Nothing but the pictures should be dropped; repeat the rest of the data below exactly.

SOURCE MATERIAL>
____________

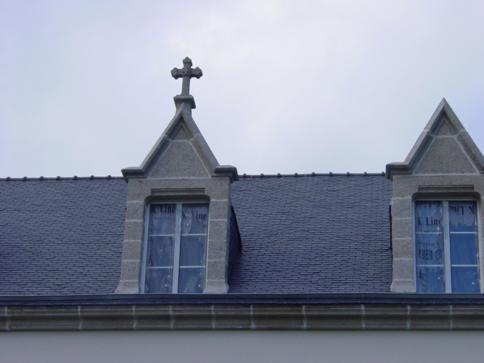Croix sculptées sur les lucarnes axiales de chacune des façades.
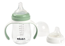 Béaba Biberon/Tasse D'Apprentissage 2en1 Anti-Fuite Poignées Amovibles 210ml Vert Sauge
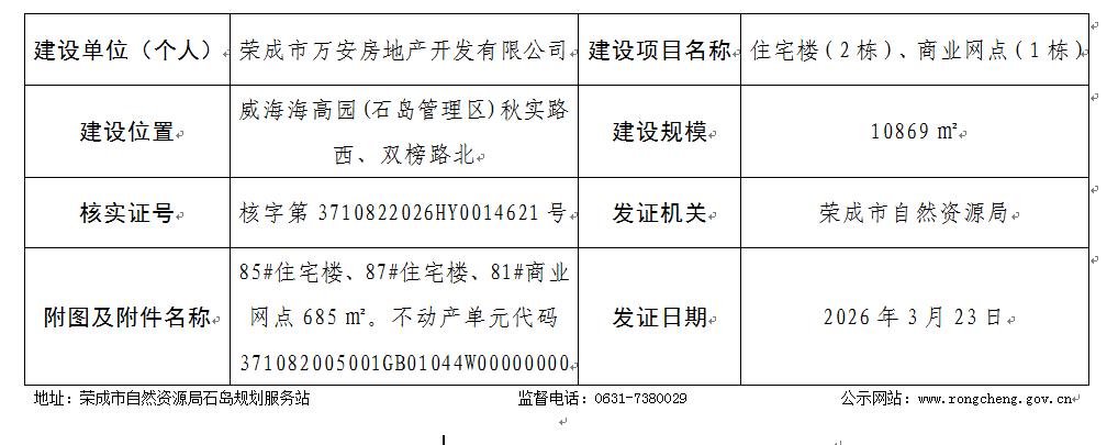 【批后公布】荣美御苑住宅小区二期工程住宅楼、商业网点建设工程竣工规划核实

____________

OUTPUT FOR THIS EXERCISE>
Croix sculptées sur les lucarnes axiales de chacune des façades.
 Béaba Biberon/Tasse D'Apprentissage 2en1 Anti-Fuite Poignées Amovibles 210ml Vert Sauge
 【批后公布】荣美御苑住宅小区二期工程住宅楼、商业网点建设工程竣工规划核实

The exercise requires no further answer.